EATX isn't quite an official standard. Different manufacturers have slightly different ideas about their "standard" EATX dimensions. An EATX board is basically longer in one dimension, it sticks "down" a little further when mounted (sideways) in a standard tower/chassis configuration, mostly to provide enough extra onboard space for one or two extra PCIe/PCI card slot(s). A tower/chassis which isn't tall enough won't have enough (internal) room for the mobo and the PSU together.

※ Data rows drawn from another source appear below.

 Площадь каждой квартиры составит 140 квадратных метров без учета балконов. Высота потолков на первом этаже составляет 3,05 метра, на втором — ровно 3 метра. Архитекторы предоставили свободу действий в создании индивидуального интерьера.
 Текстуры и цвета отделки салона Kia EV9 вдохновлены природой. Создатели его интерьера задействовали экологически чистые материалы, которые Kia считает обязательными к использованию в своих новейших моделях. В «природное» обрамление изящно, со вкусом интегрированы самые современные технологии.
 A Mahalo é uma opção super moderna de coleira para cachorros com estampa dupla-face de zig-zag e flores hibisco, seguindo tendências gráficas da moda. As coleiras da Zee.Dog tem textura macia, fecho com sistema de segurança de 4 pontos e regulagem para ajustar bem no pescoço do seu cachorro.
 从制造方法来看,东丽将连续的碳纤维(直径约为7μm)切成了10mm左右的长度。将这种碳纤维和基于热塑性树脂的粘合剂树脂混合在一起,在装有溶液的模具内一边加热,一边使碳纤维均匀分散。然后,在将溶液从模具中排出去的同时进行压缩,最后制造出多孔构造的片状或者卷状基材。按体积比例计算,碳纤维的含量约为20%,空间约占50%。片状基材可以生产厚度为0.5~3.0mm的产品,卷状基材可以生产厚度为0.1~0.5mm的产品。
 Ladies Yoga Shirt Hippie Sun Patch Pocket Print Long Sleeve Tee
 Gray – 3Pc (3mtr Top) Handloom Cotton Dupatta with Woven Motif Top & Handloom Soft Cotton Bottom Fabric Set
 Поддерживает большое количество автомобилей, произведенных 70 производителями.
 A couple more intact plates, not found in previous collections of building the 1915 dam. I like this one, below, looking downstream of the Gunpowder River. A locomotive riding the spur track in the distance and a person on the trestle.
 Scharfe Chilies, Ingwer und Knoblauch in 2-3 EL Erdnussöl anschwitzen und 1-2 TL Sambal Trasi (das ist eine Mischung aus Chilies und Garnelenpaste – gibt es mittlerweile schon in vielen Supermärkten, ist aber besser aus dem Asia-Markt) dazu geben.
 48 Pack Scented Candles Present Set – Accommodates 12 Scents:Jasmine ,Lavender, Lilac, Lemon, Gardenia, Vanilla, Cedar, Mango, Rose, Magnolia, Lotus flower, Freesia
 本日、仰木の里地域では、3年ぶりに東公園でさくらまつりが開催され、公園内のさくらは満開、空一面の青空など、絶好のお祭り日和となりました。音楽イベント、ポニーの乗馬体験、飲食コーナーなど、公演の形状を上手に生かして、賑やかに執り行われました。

"3D" could mean lots of things and I'm unfamiliar with Photogram. So I can't say whether they'll leverage GPU or CPU better. An 18C/36T i9 CPU will cost as much as a lesser CPU plus a pair of 1080Ti GPU cards. If your 3D work is heavily GPU-based, or runs a lot of CUDAs and PhysX and FP32 then more GPU will be smarter than more CPU. To be honest, I think 18C/36T is almost unuseable unless running a ton of simultaneous VMs ... but then again, that's what I used to think about once-mighty 8C/16T and it didn't take very long to learn that I want/need even more.
128GB of DDR4 will populate 8 (already doubled up) DIMM slots at maximum capacity, a heavy load on the CPU iMCs. And it'll be hard to maintain stable (DDR4/XMP) overclock on an iMC which services so many cores and caches. I'm not sure what the exact specs are, but the i9 won't natively support non-JEDEC DDR4-3000, it'll more likely be JEDEC DDR4-2400 or -2667. The advantage of X299 HEDT is quad-channel memory bandwidth, which multiplies still further at higher memory frequencies ... if your work is heavily RAM intensive then you might actually need to tradeoff more CPU cores vs faster (overclocked) DDR4, the simpler CPU parts will tend to run memories at higher frequencies than the complex CPU parts can, plus the simpler CPU parts tend to have faster clocks.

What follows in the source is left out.